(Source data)
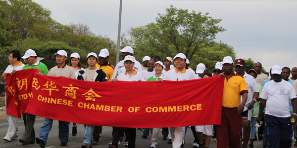博茨瓦納警察總署署長齊馬科、中國駐博茨瓦納使館參贊茍皓東、領事郭斌、佛朗西斯敦警署、佛市華人華僑和印巴商人等約200人參加了游行。游行過程中,當?shù)孛癖、印巴裔人紛紛加入游行隊伍?
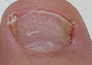 아래 사진처럼 케라셀을 계속 바르면 발톱이 좀 물러집니다. 그게 좋아지는 과정인가 했는데...
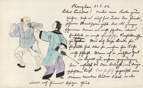 商行明信片《悍婦毆夫圖》,郵路:1902年5月23日上海德國客郵局收寄,6月30日抵達(dá)德國雷根斯堡(Regensburg)
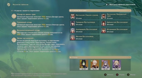Драться придется с пустынниками, плесенниками и автоматонами. В каждом раунде при этом будет даваться бонус к Дендро урону и реакциям на его основе, поэтому команда обязательно должна включать в себя персонажей соответствующей стихии. К счастью, игра предоставляет их бесплатно. В таблице ниже показаны оптимальные отряды для всех этапов.
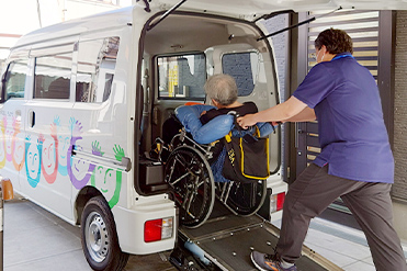さまざまなタイプの送迎車があり、車いすにもしっかり対応します。
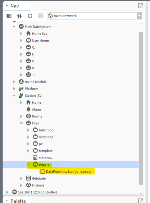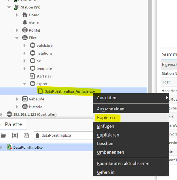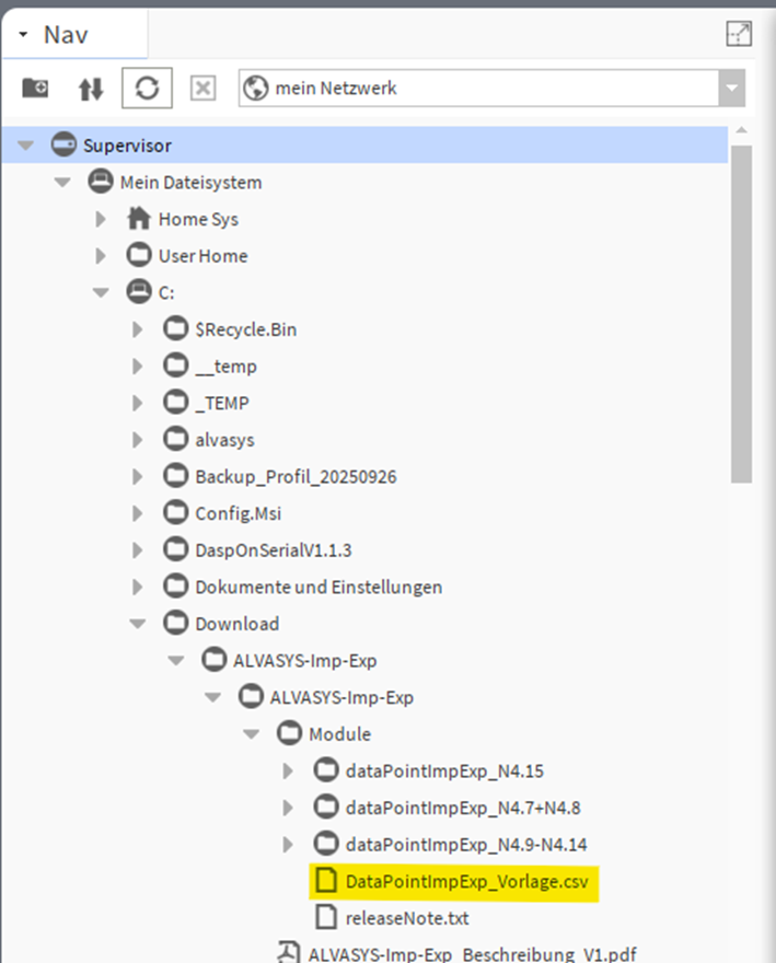 1. Kopiere Lokal von deinem Rechner die DataPointImpExp_Vorlage.csv.

[EXERCISE INSTRUCTIONS] Take the line that contains "Драться придется с" and every line after it down to the last line of the entries above, and output them exactly, with nothing else and no pictures.

[ANSWER BOX]
Драться придется с пустынниками, плесенниками и автоматонами. В каждом раунде при этом будет даваться бонус к Дендро урону и реакциям на его основе, поэтому команда обязательно должна включать в себя персонажей соответствующей стихии. К счастью, игра предоставляет их бесплатно. В таблице ниже показаны оптимальные отряды для всех этапов.
さまざまなタイプの送迎車があり、車いすにもしっかり対応します。
 1. Kopiere Lokal von deinem Rechner die DataPointImpExp_Vorlage.csv.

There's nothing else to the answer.